#### [Exercise details]
Retype the records below exactly as given, but only from the first line through the line with "玉藻荘 2025.01.29 デイ", and without the pictures.

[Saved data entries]
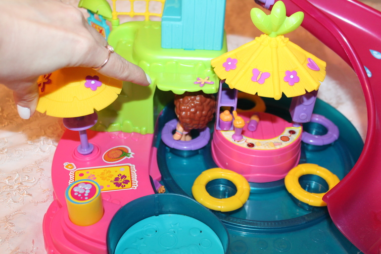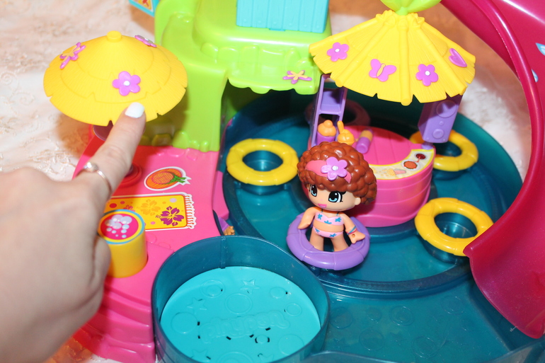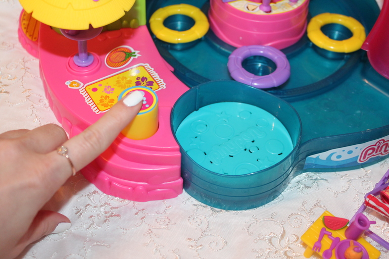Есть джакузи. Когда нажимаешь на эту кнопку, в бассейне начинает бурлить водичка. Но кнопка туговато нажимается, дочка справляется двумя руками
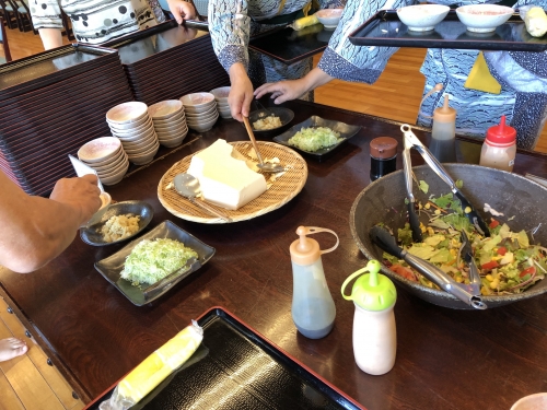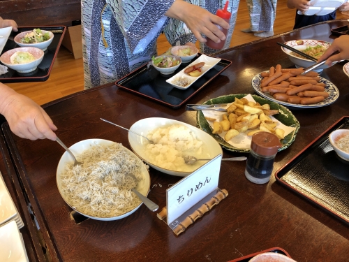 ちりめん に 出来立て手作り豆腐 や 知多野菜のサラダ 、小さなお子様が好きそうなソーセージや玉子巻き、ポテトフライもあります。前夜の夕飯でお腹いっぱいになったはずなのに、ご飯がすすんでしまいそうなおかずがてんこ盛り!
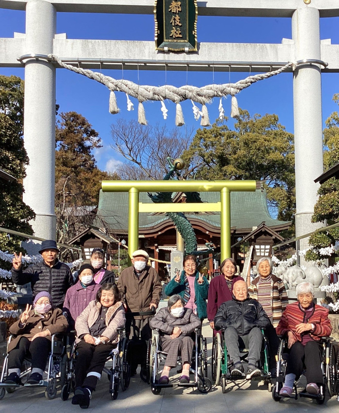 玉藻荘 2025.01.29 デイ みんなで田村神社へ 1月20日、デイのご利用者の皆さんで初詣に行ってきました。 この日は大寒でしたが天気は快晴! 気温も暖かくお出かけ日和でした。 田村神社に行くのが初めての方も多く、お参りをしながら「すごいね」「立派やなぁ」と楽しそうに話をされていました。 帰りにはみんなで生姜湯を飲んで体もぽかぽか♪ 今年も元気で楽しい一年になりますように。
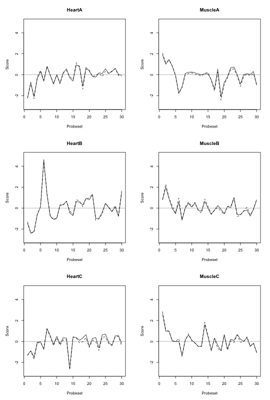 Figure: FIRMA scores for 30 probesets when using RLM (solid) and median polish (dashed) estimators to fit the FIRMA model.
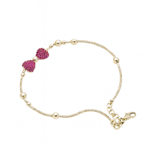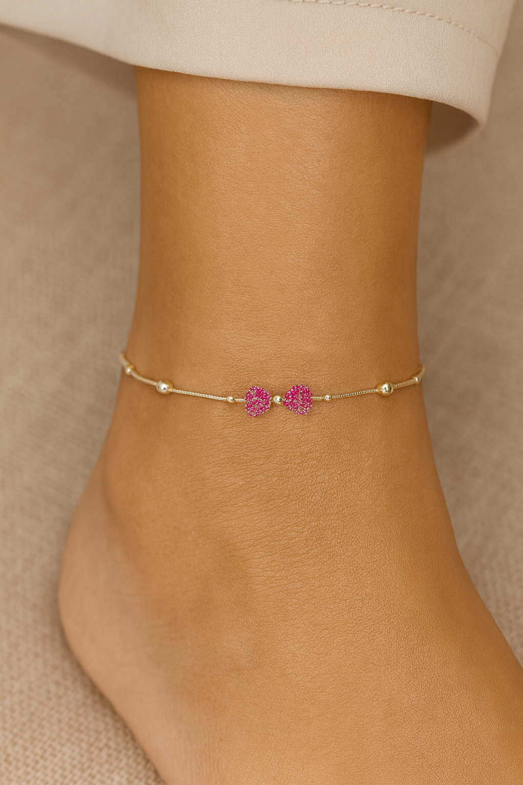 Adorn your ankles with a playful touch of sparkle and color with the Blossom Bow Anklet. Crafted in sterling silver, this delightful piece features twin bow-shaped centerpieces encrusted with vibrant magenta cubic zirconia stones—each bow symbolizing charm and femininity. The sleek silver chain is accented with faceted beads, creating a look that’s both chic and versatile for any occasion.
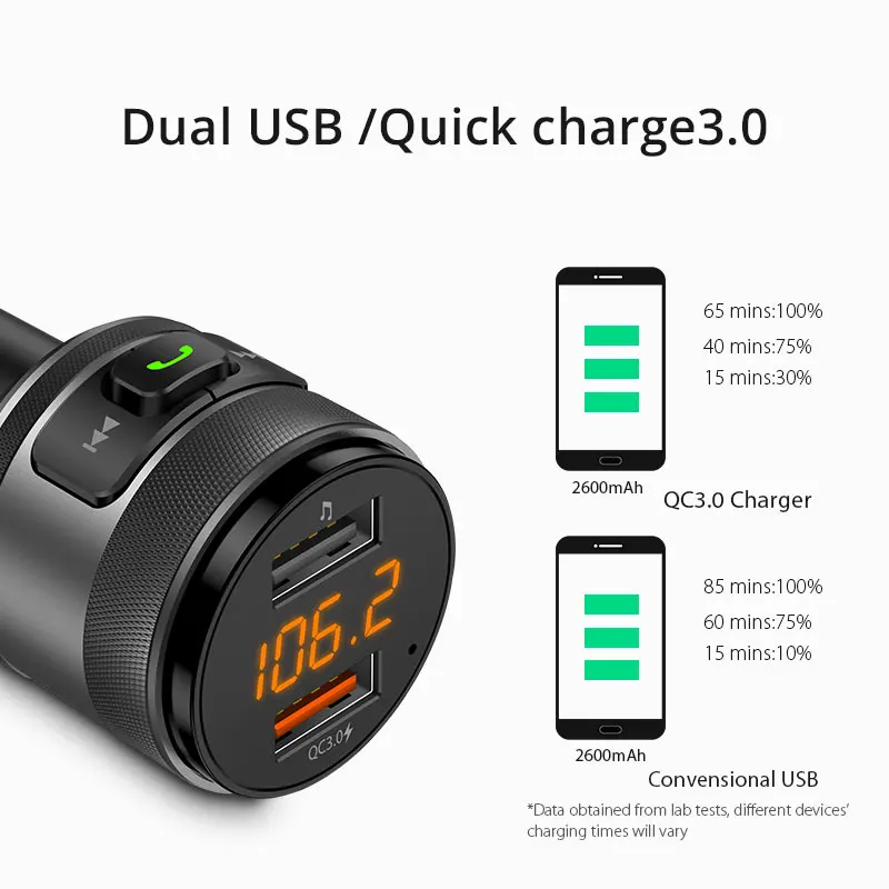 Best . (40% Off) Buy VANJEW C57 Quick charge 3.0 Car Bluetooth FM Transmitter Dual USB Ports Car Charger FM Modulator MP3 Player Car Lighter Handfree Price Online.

#### [Task solution]
Есть джакузи. Когда нажимаешь на эту кнопку, в бассейне начинает бурлить водичка. Но кнопка туговато нажимается, дочка справляется двумя руками
 ちりめん に 出来立て手作り豆腐 や 知多野菜のサラダ 、小さなお子様が好きそうなソーセージや玉子巻き、ポテトフライもあります。前夜の夕飯でお腹いっぱいになったはずなのに、ご飯がすすんでしまいそうなおかずがてんこ盛り!
 玉藻荘 2025.01.29 デイ みんなで田村神社へ 1月20日、デイのご利用者の皆さんで初詣に行ってきました。 この日は大寒でしたが天気は快晴! 気温も暖かくお出かけ日和でした。 田村神社に行くのが初めての方も多く、お参りをしながら「すごいね」「立派やなぁ」と楽しそうに話をされていました。 帰りにはみんなで生姜湯を飲んで体もぽかぽか♪ 今年も元気で楽しい一年になりますように。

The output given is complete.